1. Netflix's European vacation
Netflix (NASDAQ:NFLX) is throwing out a bigger net. Living up to earlier chatter, the world's leading video streaming service announced plans to expand into Germany, Austria, Switzerland, France, Belgium, and Luxembourg. There is no timeline for the actual launch; we only know that it will roll out to the six European countries later this year.

It may not be much of a surprise. Reports out of Germany and France last month had Netflix talking to local content-creators and regulators to begin negotiating deals. The move follows Netflix's push into the U.K. and Scandinavia, so expanding deeper into Europe is only logical. 

It won't be easy. Established local favorites are starting to firm up their offerings, making international expansion less of a sure thing than it would have been a couple of years ago. However, with 12.7 million of Netflix's 48.4 million global subscribers coming outside of the U.S., you can't blame Netflix for trying to conquer the world. 

2. Game on
GameStop (NYSE:GME) reported better-than-expected bottom-line results after Thursday's close. Global sales climbed 7% to $2 billion, just shy of the $2.03 billion that analysts forecast, but earnings per share soared 28% to $0.59, just ahead of the $0.57 that Wall Street targeted.

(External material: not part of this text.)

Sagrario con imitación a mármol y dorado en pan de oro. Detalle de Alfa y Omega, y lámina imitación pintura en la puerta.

GameStop's business was a battle between an 81% surge in high-margin hardware sales and a 20% plunge in new software sales. The real surprise was a 5% uptick in its preowned and value software category. This is a pretty big deal since reselling trade-ins at hefty markups represents GameStop's highest-margin business, and that segment had declined over the holiday quarter. It wound up being GameStop's biggest contributor this time around, accounting for 30% of global sales and 48% of GameStop's gross profit. 

3. Shopping in China
Chinese Internet growth stocks can be volatile, but even in today's iffy climate, we saw JD.com (NASDAQ:JD) pull off a successful IPO. China's leading consumer direct seller with nearly half of the B2C market priced at the high end of its initial range, but $19 wasn't enough. It closed out its first day of trading on Thursday at $20.90.

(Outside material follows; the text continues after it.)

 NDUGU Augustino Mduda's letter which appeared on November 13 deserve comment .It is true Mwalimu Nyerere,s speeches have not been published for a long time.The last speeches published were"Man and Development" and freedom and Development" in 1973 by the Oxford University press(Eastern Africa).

JD was formerly known as 360buy, and it's a big fish. A whopping $20.7 billion in gross merchandise volume went through its site last year. This helps set the stage of another e-commerce behemoth -- Alibaba -- to go public in the coming weeks.

4. Amazon gets made
Amazon.com (NASDAQ:AMZN) is ready to play with Netflix. On Wednesday, it rolled out the juicy HBO content that it recently scored, providing Amazon Prime members with access to entire seasons of The Wire, Carnivale, The Sopranos, and other HBO shows.

Netflix CFO David Wells tried to play down the content deal this week. "It's good older content with some conspicuous absences in the title list," he said at the J.P. Morgan Technology, Media and Telecom Conference.

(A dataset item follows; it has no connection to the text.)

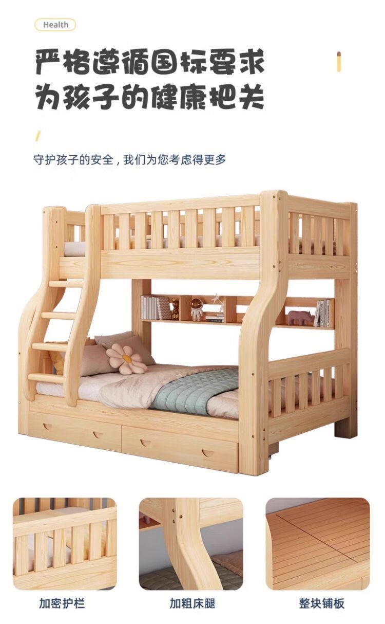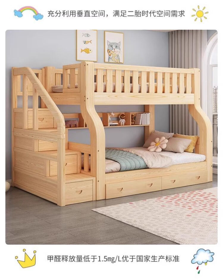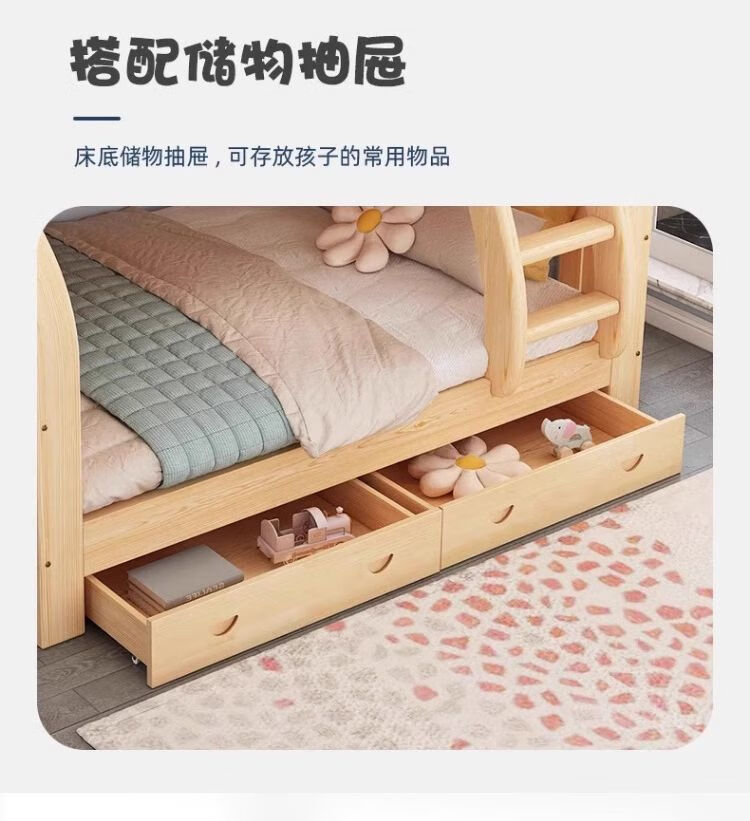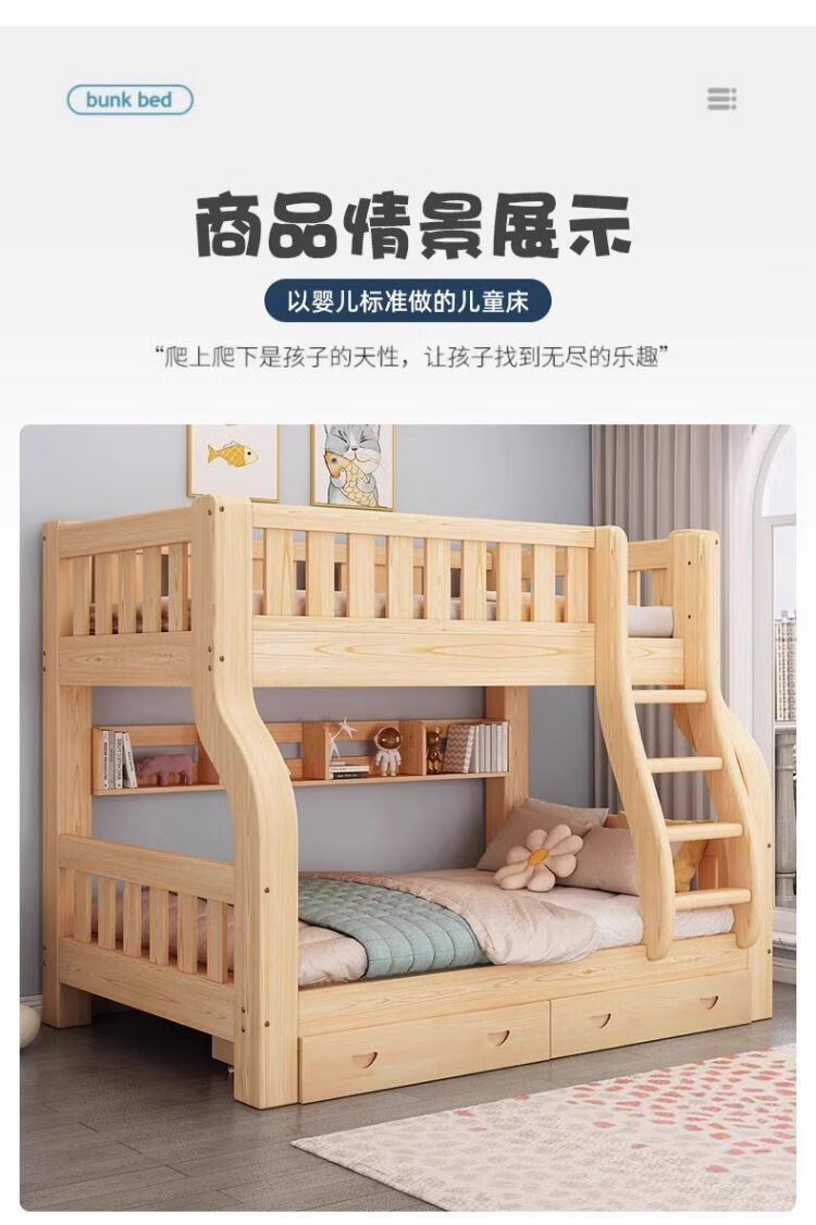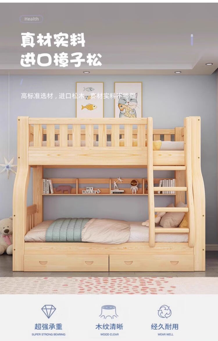 倘然之家上下床双层床多功能双层实木高低儿童床上小户型大人两层子母木床 实木爬梯(裸床)+入户 【加厚加密】上铺80+下铺100cm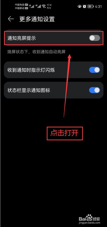 然后,点击打开通知亮屏提示功能开关(图片中圈红的部分)

Sure, there's no Curb Your Enthusiasm or Game of Thrones. Some of the current shows on HBO will only make seasons that are at least three years old available. It's not a complete HBO deal. However, it will make a difference for Amazon. It's loaded with the serialized dramas that have fared so well on Netflix.

5. Use the force, Luke
We are now 19 months away from Star Wars: Episode VII, but it's apparently never too early to get the buzz started for Disney's (NYSE:DIS) no-brainer blockbuster. This week, director J.J. Abrams kicked off a contest where the grand prize is a role in the movie.

As Abrams explains, the promotion is done to draw attention to a humanitarian "Star Wars: Force for Change" campaign being done in conjunction with UNICEF to raise funds for innovation labs working on community projects to improve living conditions in many impoverished and emerging markets. 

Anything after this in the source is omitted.